The shares of Tempur-Pedic International
(TPX:
sentiment,
chart,
options)
have taken a sharp tumble today after the company warned that its first-quarter sales to date are "significantly below" expectations. Tempur-Pedic stated that the weak economy has caused consumer spending to slow down, and total net sales for the first quarter are now expected to decline in the high single digits on a year-over-year basis. Additionally, first-quarter earnings per share are expected to total about half of the 34 cents reported a year ago, compared to analysts' expectations for a profit of 44 cents per share.
As a result of the firm's warning, Raymond James cut its rating on the stock from "outperform" to "market perform." During a conference 2 weeks ago, TPX management offered no clue that first-quarter earnings and sales were in jeopardy. "Given that the size of the miss is so large, we doubt that it was all developed in the last 13 days, damaging management credibility," said Raymond James.

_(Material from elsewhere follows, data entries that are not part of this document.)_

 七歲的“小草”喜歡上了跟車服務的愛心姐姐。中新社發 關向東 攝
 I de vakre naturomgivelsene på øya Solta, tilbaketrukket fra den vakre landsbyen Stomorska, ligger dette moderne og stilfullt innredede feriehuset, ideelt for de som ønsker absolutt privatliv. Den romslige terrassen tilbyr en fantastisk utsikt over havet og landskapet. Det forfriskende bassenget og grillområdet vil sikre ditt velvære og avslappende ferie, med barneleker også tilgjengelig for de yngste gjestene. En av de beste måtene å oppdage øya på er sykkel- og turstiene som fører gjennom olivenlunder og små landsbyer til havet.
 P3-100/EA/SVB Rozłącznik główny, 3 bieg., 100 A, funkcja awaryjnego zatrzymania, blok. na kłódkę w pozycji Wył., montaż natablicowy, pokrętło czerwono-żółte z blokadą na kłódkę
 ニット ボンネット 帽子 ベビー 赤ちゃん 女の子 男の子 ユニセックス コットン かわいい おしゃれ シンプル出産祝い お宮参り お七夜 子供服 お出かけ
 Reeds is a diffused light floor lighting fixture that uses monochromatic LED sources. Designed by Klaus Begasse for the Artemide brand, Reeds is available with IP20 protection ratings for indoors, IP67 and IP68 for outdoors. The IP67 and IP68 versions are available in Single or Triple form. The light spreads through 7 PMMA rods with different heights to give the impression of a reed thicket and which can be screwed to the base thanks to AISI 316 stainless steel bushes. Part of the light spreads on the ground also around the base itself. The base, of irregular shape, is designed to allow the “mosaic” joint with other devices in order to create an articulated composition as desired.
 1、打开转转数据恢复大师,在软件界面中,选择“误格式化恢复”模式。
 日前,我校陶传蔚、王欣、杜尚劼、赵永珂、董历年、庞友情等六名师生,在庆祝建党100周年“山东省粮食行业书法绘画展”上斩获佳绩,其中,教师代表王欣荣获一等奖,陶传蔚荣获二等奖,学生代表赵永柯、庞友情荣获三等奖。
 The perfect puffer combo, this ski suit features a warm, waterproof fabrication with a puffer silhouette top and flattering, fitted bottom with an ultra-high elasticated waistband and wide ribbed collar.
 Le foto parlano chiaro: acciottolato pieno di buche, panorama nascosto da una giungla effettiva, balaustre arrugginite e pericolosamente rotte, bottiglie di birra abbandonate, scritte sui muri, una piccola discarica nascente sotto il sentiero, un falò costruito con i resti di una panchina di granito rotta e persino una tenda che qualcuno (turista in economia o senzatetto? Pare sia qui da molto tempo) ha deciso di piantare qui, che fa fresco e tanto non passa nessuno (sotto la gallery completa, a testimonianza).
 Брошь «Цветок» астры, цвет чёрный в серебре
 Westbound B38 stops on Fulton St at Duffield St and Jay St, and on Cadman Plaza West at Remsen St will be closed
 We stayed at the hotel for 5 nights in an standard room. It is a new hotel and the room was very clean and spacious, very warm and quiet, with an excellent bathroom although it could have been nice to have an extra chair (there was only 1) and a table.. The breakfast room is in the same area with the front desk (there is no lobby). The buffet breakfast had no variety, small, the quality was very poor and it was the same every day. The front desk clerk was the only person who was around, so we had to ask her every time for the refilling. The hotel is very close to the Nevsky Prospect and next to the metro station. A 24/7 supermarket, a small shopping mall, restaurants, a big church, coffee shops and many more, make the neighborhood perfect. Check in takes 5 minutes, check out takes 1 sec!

Stifel Nicolaus also piled on, lowering its price target from $34 to $20 and calling the report "extremely disappointing." However, the broker tempered its pessimism by noting, "We believe this could mark the low point on the stock in this cycle."
At last check, TPX is down more than 34% and has pegged a new 52-week low of $9.51. Option activity has been fast and furious at the stock's deep-in-the-money March 30 put, which has traded volume of 16,960 on open interest of 17,057 at midday.